Masas contra las clases

        La escasa atención de los medios de comunicación hacia la música popular es algo consolidado desde hace años. Los grandes medios sólo prestan cobertura a algún artista si se trata de nombres asentados, si sus nuevas giras los traen por España o si les rodea algún escándalo digno de ser adornado con grandes titulares. El resto se ignora sistemáticamente.

        La televisión dejó de interesarse por el tema con la aparición de las cadenas privadas. Televisión Española, en una desafortunada lucha por las audiencias en un medio público, prescindió de programas modelo como «La edad de oro», «Rockopop» o «Popgrama» de sus parrillas. ¡Quién nos iba a decir que los echaríamos de menos! Por su parte, los canales privados nunca mostraron el más mínimo interés.

        Hoy se mantiene exclusivamente, dentro de lo que podríamos encuadrar en el ámbito de la música pop, «Los conciertos de Radio 3» en la segunda cadena de Televisión Española, una iniciativa muy loable y que está surtiendo de un muy valioso material de archivo a la cadena. También en la segunda cadena se le presta atención puntual en programas culturales tipo «La Mandrágora» o «Metrópolis»

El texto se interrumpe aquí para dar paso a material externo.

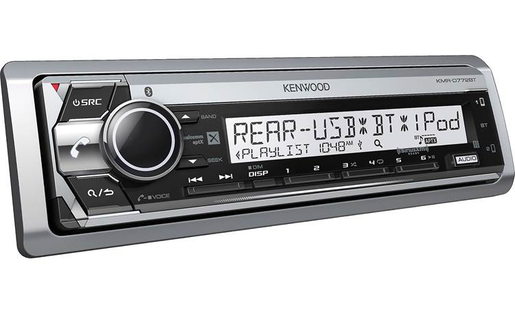 Kenwood's KMR-D772BT CD receiver makes it so easy to use your Apple® or Android™ smartphone on the water. This premium marine radio lets you check out playlists on Pandora, iHeartRadio, and Spotify, or browse through your own music collection. You can also use Kenwood's Remote App to control this radio's playback and sound settings with your phone.

        Tele 5 hace lo propio con «No sólo música» en su parrilla, aunque, eso sí, a horas intempestivas. Y salvo algún concierto aislado dentro de las emisiones codificadas de Canal Plus, éste es el paupérrimo escenario al que nos tenemos que enfrentar. Ni siquiera las plataformas digitales, próximamente fundidas en una sola, con lo que reducirán aún más la oferta, han logrado ubicar en su programación un canal que no escape a la mera imitación de la radio-fórmula.

        El panorama radiofónico es similar. Tan sólo el tercer canal de Radio Nacional, Radio 3, se mantiene al margen de la radio-fórmula; en esa aventura sólo están acompañados por algunos espacios muy concretos de M80. Nadie se atreve a mantener una programación al margen de las fórmulas establecidas hace ya treinta años y, mucho menos, al margen de los dictados de la industria, que es, no lo olvidemos, la mayor anunciante en estos medios.

        La prensa musical nunca tuvo un seguimiento alto en España. Se mantienen varias revistas especializadas, como Rock De Lux, Ruta 66 o Efe Eme, pero su repercusión es mínima. A su lado, han aparecido en los últimos años diversas revistas gratuitas, como Mondo Sonoro o AB, de mayor tirada, precisamente por sustentarse exclusivamente de la publicidad y no cobrar un precio al consumidor final, aunque eso tampoco quiere decir que se lean más.

        Puede que los suplementos semanales de los dos principales diarios del Estado -«Tentaciones» de El País y «La Luna» de El Mundo- sean las dos publicaciones que llegan a más gente, a pesar de una línea editorial errática, en la que se intenta atraer a sectores de la población muy diversos. Si alguien se imagina que una publicación de este tipo podría llegar a más gente, no tiene más que hojear la edición española de Rolling Stone: nada que ver con el original o con su edición hermana estadounidense, que se supone son su referencia.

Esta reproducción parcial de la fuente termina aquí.